Media Centre

SpiceJet posts 31% growth in revenues for the quarter

Outperforms the domestic industry with a 20% passenger growth.

Market share improved from 17.1% to 20.4% in FY 2013

Chennai, May 24, 2013: The continued weakness of Indian Rupee, high fuel prices and significant tax burden continued to hurt the entire domestic aviation sector. However, for yet another quarter SpiceJet was able to successfully grow passenger traffic by around 20%, outperforming the domestic industry passenger growth. However, the increase in fares was inadequate to fully absorb the impact of higher costs of operation.

Revenue for the fourth quarter ended March 31, 2013 increased by 31% to Rs 1,456 crore as compared to Rs 1,113 crore of the quarter ended March 31, 2012.

The average passenger yields in the March quarter increased 8% as compared to the corresponding quarter a year ago.

Load factor during the March, 2013 quarter was 76% from 74% during the same period last year.

SpiceJet’s Market Share in March 2013 increased to 20.4% from 17.1% in March 2012.

SpiceJet posted a loss of Rs. 186 crore for the quarter ended March 31, 2013 compared with a loss of Rs. 249 crore for the comparable period last fiscal year. For the financial year ended March 31, 2013 the company’s net loss stood at Rs 191 crore against a net loss of Rs 606 crore in the prior year.

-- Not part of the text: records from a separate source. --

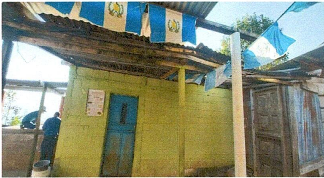
Foto 3: Sustitución de lámina, estructura de cocina y mantenimiento de puerta.
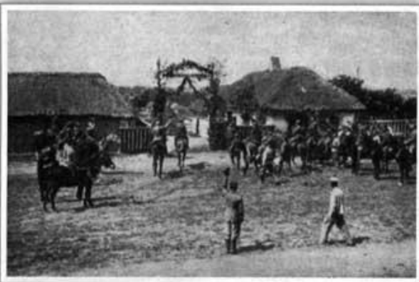
Стрілецьке весілля в Грузькому
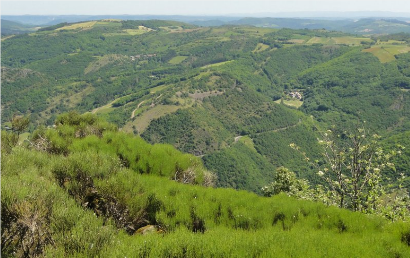
Vue du Sommet du Maliver (C.Bouzat)
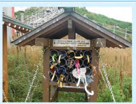
ウミネコ爆弾避けの傘があります

お参りする前に神社の周りを3周してください。「運開きめぐり」といって、心身が疲い清められ運が開けると云われています。
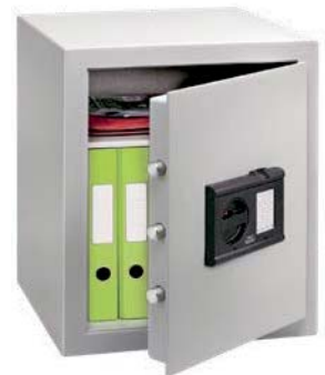
C 4 E FS
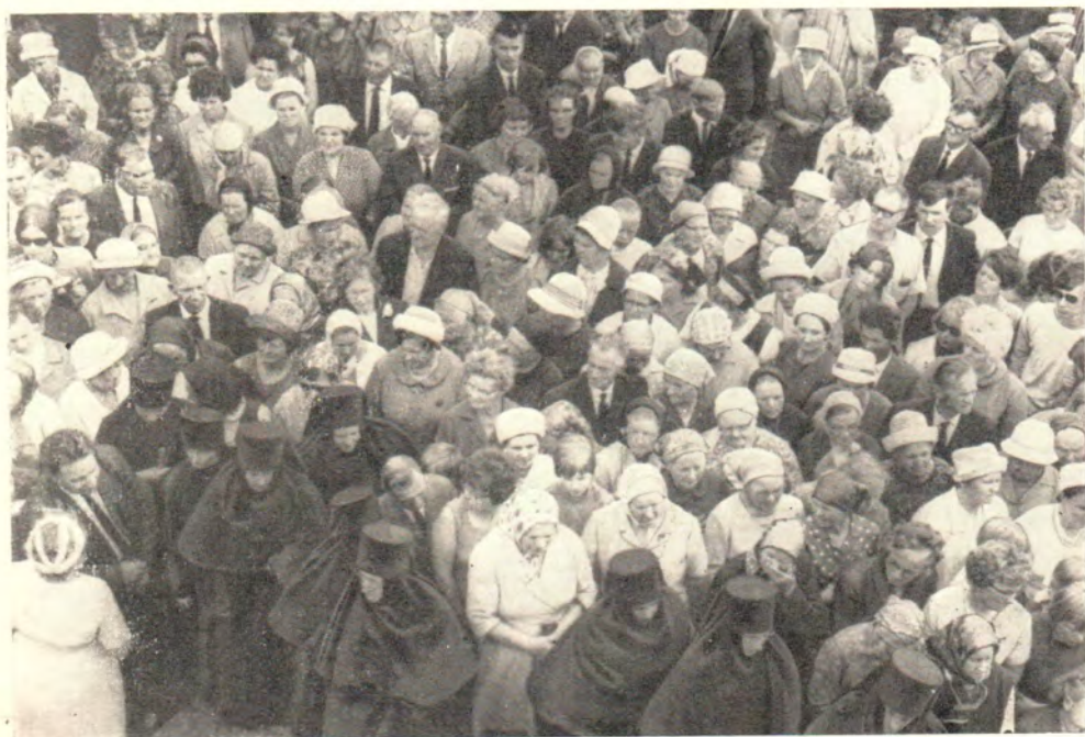
Праздник в Линтуловском монастыре
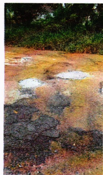
Imagens: Rua Otávio dos Santos, Vila Carvalho. Situação precária de parte do pavimento em contraste com trecho já provido do reparo asfáltico.
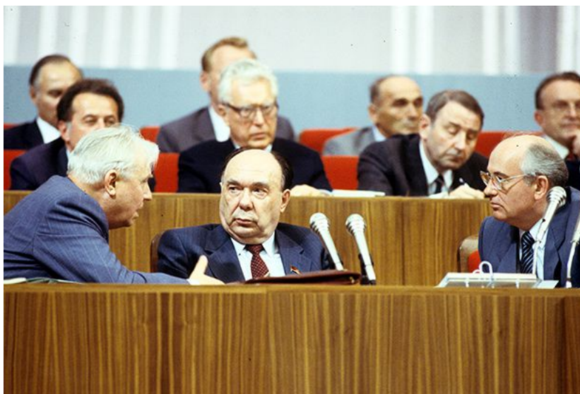
На снимката: Александър Яковлев между Михаил Горбачов (вдясно) и Егор Лигачов (вляво) по време на XIX конференция на КПСС (28 юни – 1 юли 1988 г.)
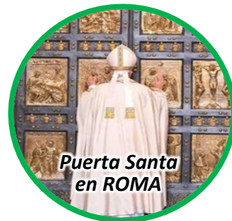
Puerta Santa en ROMA
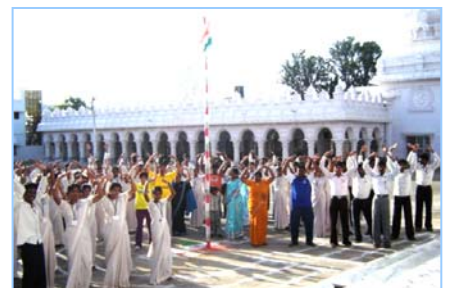
■ 在印度班加罗尔炼功 (2009.5)
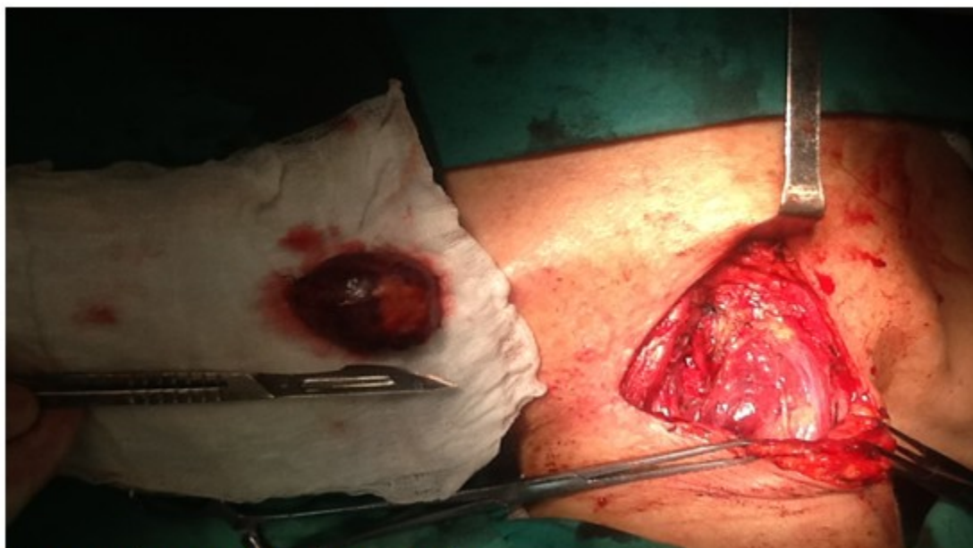
Figura 3. Adenoma paratiroideo ya extraído.

Fue egresada con evolución satisfactoria y seguimiento por consulta externa. Los valores de PTH posquirúrgicos fueron normales desde el primer control. El estudio anatomopatológico del caso, informó de la presencia de un adenoma paratiroideo en la parte inferior izquierda de la glándula paratiroides.

Highlights for the quarter ended March 31, 2013 Vs March 31, 2012
  • 20% growth in number of passengers.
  • 22% growth of Available Seat Kilometers.
  • 27% growth in number of departures.
Financial For the Quarter ended March 31, 2013:
  • 31% increase in revenue from operations.
  • 8% increase in passenger yields to Rs. 3,739 from Rs 3,460
  • Net loss of Rs. 186 crore for the quarter compared to a net loss of Rs. 249 crore for the Same quarter prior year
For the Year ended March 31, 2013:
  • 43% increase in revenue from operations
  • 23% increase in passenger yields to Rs. 4,052 from Rs 3,293
  • Net loss of Rs. 191 crore for the year compared to a loss of Rs. 606 crore
Mr. Neil Mills, Chief Executive Officer, said “The past twelve months have continued to be difficult and the Indian aviation industry witnessed increasing cost challenges particularly relating to airport charges as well as the adverse impact of the weakness of the rupee. We continue to be confident of the future, particularly as we have launched numerous international routes and this will improve the mix and performance in the future”.